> _Supplied data_

=====

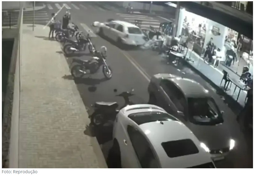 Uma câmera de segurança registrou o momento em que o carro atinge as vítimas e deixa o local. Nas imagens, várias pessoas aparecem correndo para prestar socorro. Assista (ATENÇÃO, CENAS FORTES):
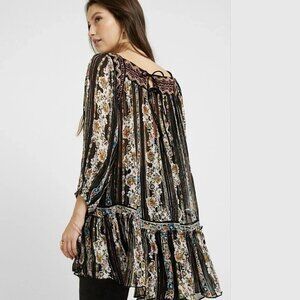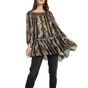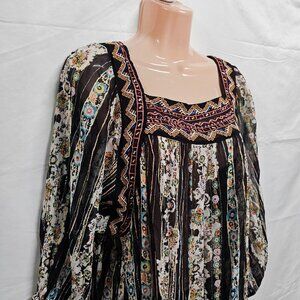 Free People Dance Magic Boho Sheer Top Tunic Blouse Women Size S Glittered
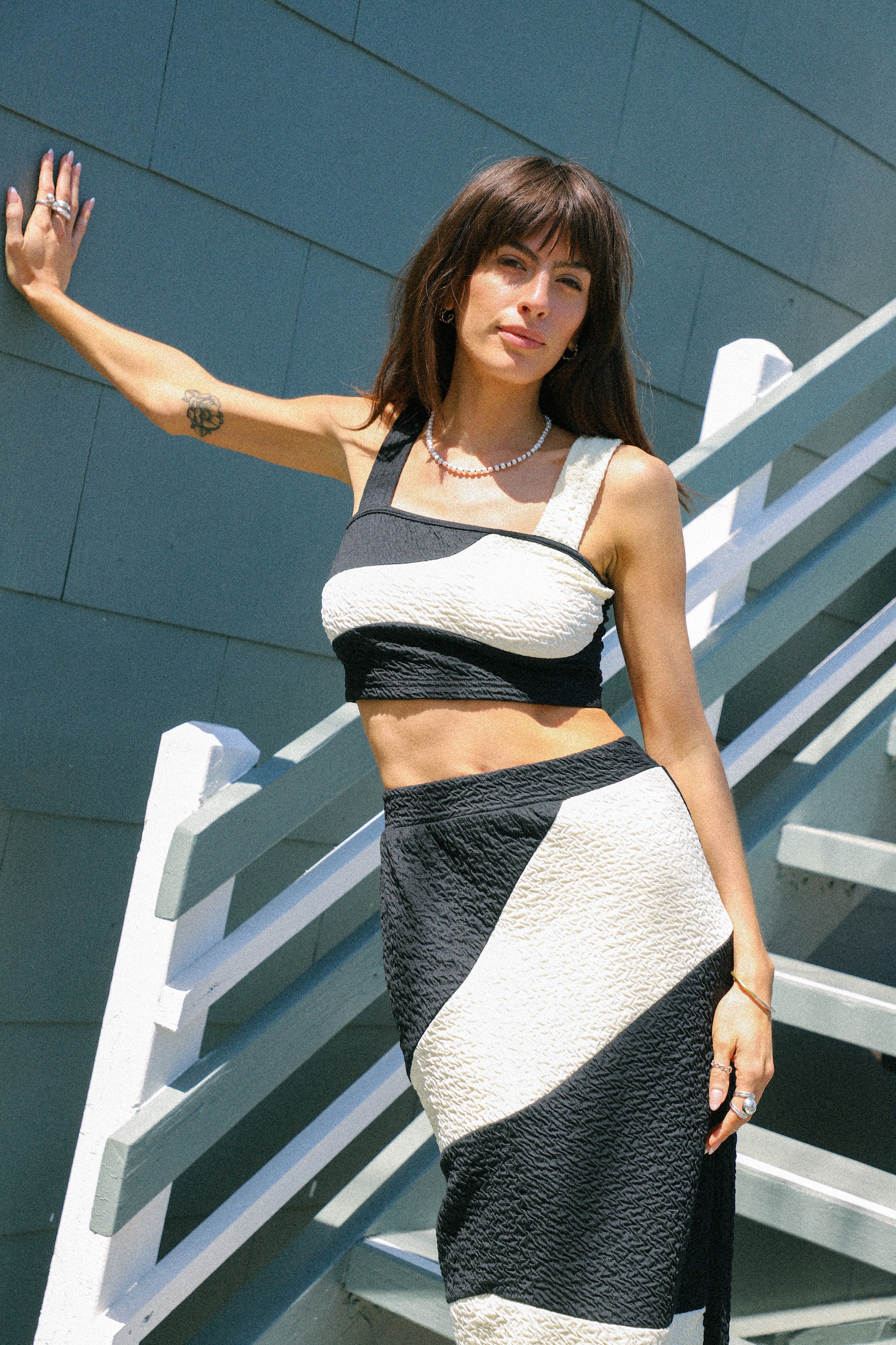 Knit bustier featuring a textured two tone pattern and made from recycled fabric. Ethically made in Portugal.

=====

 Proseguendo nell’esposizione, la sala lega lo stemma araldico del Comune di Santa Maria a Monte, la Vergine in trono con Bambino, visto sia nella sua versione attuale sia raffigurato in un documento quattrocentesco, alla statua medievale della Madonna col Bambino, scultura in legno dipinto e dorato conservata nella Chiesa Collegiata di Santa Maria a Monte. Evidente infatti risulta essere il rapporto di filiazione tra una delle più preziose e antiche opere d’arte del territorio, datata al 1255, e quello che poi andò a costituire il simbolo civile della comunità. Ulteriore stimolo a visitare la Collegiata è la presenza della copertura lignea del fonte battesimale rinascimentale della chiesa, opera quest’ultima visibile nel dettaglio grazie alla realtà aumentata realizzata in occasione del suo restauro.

=====

> _Activity_
Repeat, without pictures, exactly the lines of the data above from the one containing "Uma câmera de" through the one containing "Knit bustier featuring", including both and adding nothing.

> _Answer for this exercise_
 Uma câmera de segurança registrou o momento em que o carro atinge as vítimas e deixa o local. Nas imagens, várias pessoas aparecem correndo para prestar socorro. Assista (ATENÇÃO, CENAS FORTES):
 Free People Dance Magic Boho Sheer Top Tunic Blouse Women Size S Glittered
 Knit bustier featuring a textured two tone pattern and made from recycled fabric. Ethically made in Portugal.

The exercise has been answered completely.